3.                                          a) Pour exercer son contrôle, la Cour de cassation doit être en mesure de suivre le raisonnement du juge. Même une motivation sommaire aurait suffi, en cette matière (RJN 1980-81 p.46). La motivation doit permettre autant au justiciable qu'à l'autorité de recours d'apprécier le bien-fondé de la décision entreprise. Il est donc indispensable qu'elle contienne les motifs qui ont guidé le juge et sur lesquels il a fondé sa conviction (RJN 1993 p.123; ATF 107 Ia 248 cons.3a, au sujet d'une affaire intéressant un tribunal arbitral, mais tirant des principes valables pour tous les tribunaux étatiques).

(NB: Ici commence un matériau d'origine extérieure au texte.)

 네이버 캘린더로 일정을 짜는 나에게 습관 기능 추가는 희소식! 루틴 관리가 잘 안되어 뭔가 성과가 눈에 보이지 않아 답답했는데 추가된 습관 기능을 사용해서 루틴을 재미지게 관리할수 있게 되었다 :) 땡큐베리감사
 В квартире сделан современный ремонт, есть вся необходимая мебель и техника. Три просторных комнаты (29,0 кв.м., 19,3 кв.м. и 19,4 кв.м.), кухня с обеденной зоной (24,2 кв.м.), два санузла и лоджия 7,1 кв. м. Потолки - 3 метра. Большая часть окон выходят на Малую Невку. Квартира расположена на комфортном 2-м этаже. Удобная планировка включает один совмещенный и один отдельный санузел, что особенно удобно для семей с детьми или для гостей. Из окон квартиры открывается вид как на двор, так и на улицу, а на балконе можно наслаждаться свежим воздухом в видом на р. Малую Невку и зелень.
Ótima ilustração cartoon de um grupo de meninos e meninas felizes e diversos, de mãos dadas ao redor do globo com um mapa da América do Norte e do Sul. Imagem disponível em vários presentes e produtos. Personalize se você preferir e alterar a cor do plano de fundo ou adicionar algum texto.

                        b) En l'espèce, le premier juge n'a pas clairement posé les bases chiffrées sur lesquelles il s'est fondé pour décider de modifier un accord précédent des parties. La décision attaquée ne mentionne aucun chiffre sur les revenus du mari, ni ses charges, alors que cette question est au cœur du litige. Les charges de l'épouse ne sont pas non plus mentionnées. S'il n'est pas exclu que le premier juge ait statué de manière adéquate, la justesse de son raisonnement n'est pas vérifiable par l'autorité de recours, ni du reste par les deux parties recourantes. A preuve le fait que ces dernières se livrent chacune à des calculs qui semblent se référer directement à des pièces du dossier, mais qui n'ont rien à voir avec le contenu de la décision attaquée. Autrement dit, les parties poursuivent, dans leur recours et leur recours joint, un débat qu'elles avaient entamé devant le premier juge et que ce dernier a tranché sans expliquer comment.

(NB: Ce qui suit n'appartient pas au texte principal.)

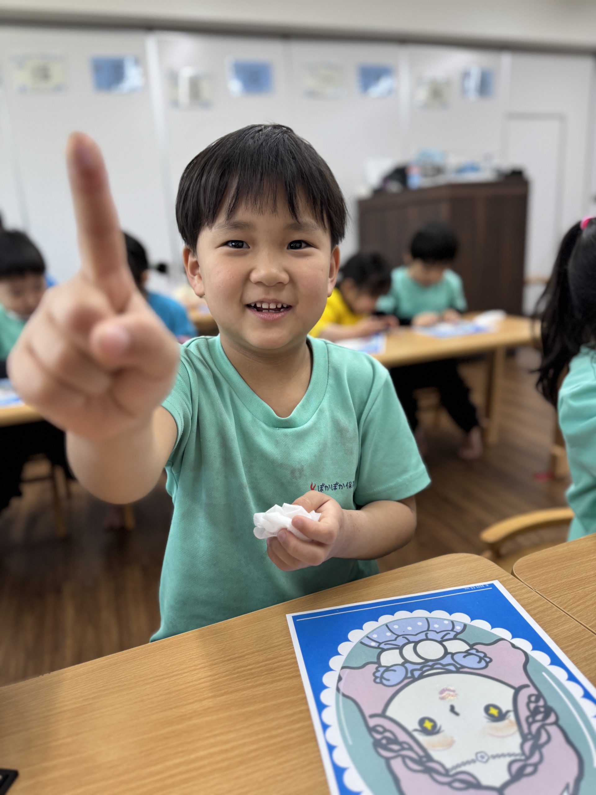 「一本指でやると上手に塗れるよ!」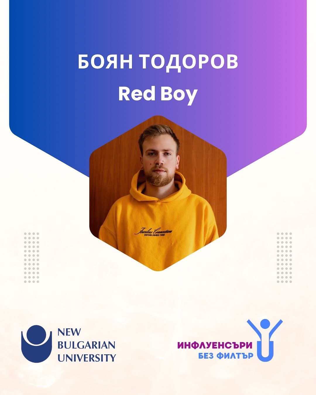 Боян Тодоров (Red Boy) – създател на позитивно и хумористично съдържание, който комбинира забавление, социални експерименти и артистичност.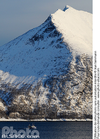 bateau bateau de peche eau hiver Ile de Senja montagne neige Norvège Norway paysage photo vertical Senja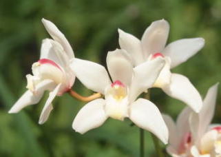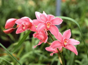Cymbidiumは微風に揺れ・・・・花に訪れる昆虫は、それに同調しながら

                        La décision doit ainsi être annulée et le juge invité à motiver son choix. Pour ce faire, et au vu la persistance vigoureuse de la divergence des points de vue, il n'est pas exclu qu'il doive administrer de nouvelles preuves, comme par exemple une expertise comptable de la société administrée par le mari, dont la situation est qualifiée de "complexe". Cette possibilité avait du reste déjà été évoquée (lettre du juge du 2 juillet 2001 au mandataire du mari).

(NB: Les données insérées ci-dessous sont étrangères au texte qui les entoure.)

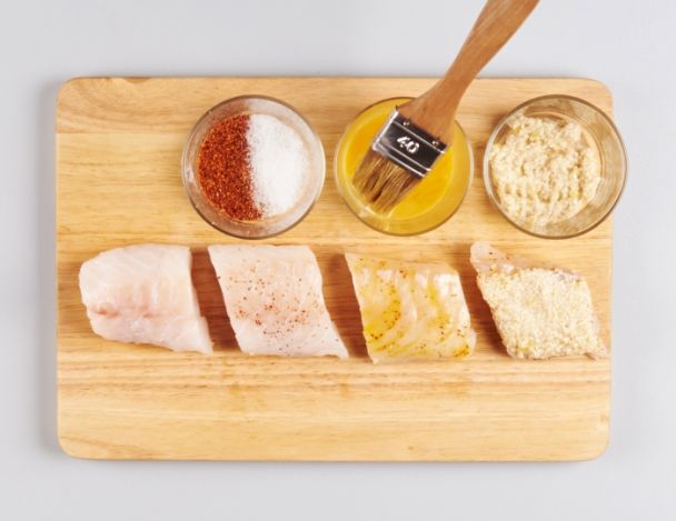 Couper le filet de cabillaud en 4 pavés, garder les parures pour la brandade. Assaisoner les pavés de cabillaud, de sel et de piment d'Espelette. Recouvrir les pavés de jaune d'œuf puis de la préparation à base de sésame.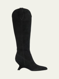 SIMKHAI "Shadow" suede western knee boots 3.00 in / 75 mm comma heel Pointed toe Zip closure for easy on/off Pull tabs at the collar Leather outsole Imported Online Inquiries: BGS21_X6XLC| Store Inquiries: #5040200

4.                                          Chaque partie avait conclu à l'annulation de l'ordonnance, ce à quoi il est fait droit, mais avait pris une seconde conclusion (maintien du statu quo, pour l'épouse; admission de la requête en modification, pour le mari), qui est rejetée. Partant, les frais seront partagés par moitié et les dépens compensés.

Par ces motifs, LA COUR DE CASSATION CIVILE

1.      Casse l'ordonnance du 7 septembre 2001 et renvoie la cause au premier juge pour nouvelle décision.

2.      Partage par moitié les frais de la procédure de recours, arrêtés à 480 francs et avancés par G., et compense les dépens.